You can’t be a blue cheese lover in Wisconsin without tasting Hook’s, a cheese company out of Mineral Point that always garners lavish praise from heartland caseophiles. The Hook’s stand at the Dane County Farmers’ Market in Madison – reputedly the largest market in the country – is always surrounded by people waving toothpicks, eager to hawk-dive into the sample bins. Tony and Julie Hook produce five, yes FIVE, different blues, and last weekend I was one of those clucking toothpick-wavers, eager to assemble a blue cheese tasting board from Wisconsin.
You bet I tried all five blues, beginning with their original, a Danish-style blue that has received a series of awards at the Cheese Championships hosted by the Wisconsin Cheesemakers Association. What a nicely balanced cheese – sweet, perky, sharp, with a slightly vinegary finish. Still, the one that made me swoon was Hook's Blue Paradise, a pungent double-cream with notes of sour cherry and a cucumbery finish. Talk about a spreadable, edible cheese. It reminded me of some of the Irish blues I’ve been trying on the sly.

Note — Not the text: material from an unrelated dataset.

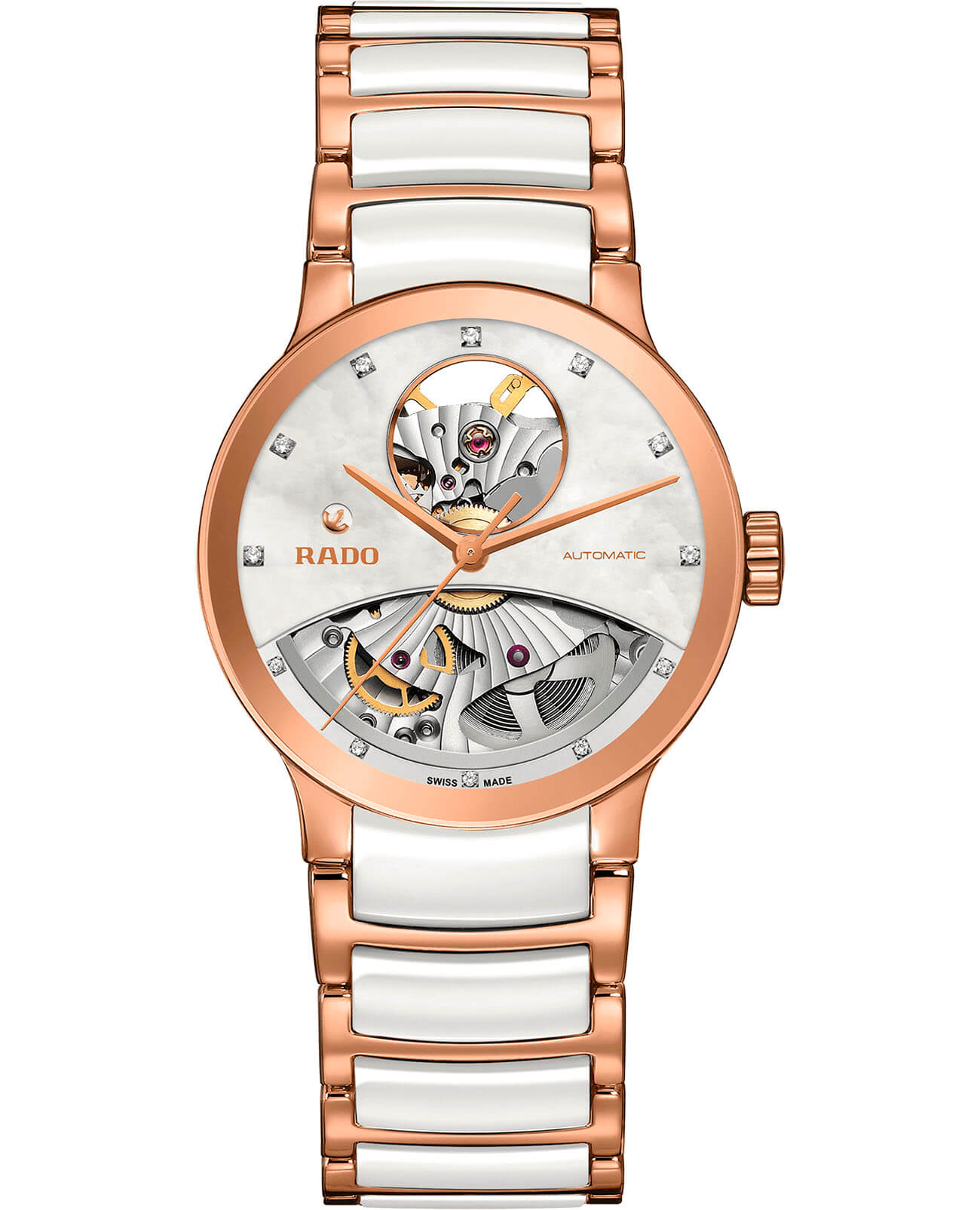 Швейцарские механические часы-скелетоны с автоподзаводом Rado Centrix Automatic Diamonds Open Heart R30248902. Сапфировое стеклоСапфировое стеклоПрочный и надёжный материал из кристалла сапфира синтетического происхождения, характеризующийся особой твёрдостью и устойчивостью к царапинам и повреждениям. устойчивое к мелким механическим повреждениям. Корпус часов изготовлен из нержавеющей стали с PVD-покрытиемPVDУльтратонкое покрытие наносится в технике вакуумного напыления, сочетает в себе нитрид титана особой прочности со слоем золота или оксида хрома. Несёт в себе декоративную или защитную функцию.. Класс водозащиты: 30 метров, позволит защитить корпус от случайных брызг или капель дождя. Браслет из стали PVD-покрытиемPVDУльтратонкое покрытие наносится в технике вакуумного напыления, сочетает в себе нитрид титана особой прочности со слоем золота или оксида хрома. Несёт в себе декоративную или защитную функцию. и высокотехнологичной керамикиВысокотехнологичная керамикаИнновационный запатентованный Rado материал с гладкой или матовой поверхностью. Керамика за счёт кристаллической структуры обладает повышенной устойчивостью от возникновения царапин. Материал способен принимать температуру тела человека, обеспечивая невероятный комфорт при ношении. на раскладной застёжкеРаскладная застёжкаТакой тип застёжки используется только на браслетах из металла. Она никогда не раскрывается полностью, происходит разделение на 2 и более частей. Раскладывающая застёжка снизит вероятность потери часов к минимуму..

Hook’s Tilston Point, a crumbly wonder-thug of a cheese (bold, grainy, salty, pasturey), knocked me out of my hammock. The long-lasting flavor reminded me of the Rolf-Beeler Thurblau I tried a few weeks ago, a terrific raw-milk blue from Switzerland. Hook's Tilston is an English-style washed-rind blue, and it's certainly the most interesting and robust cheese in Hook’s blue pack. Would you believe I bought all three of these cheeses at the farmers' market for a grand total of about ten bucks? Talk about dairy value. If you want to host a cheese party, Hook's offers an economical way to sample a wide range of blues.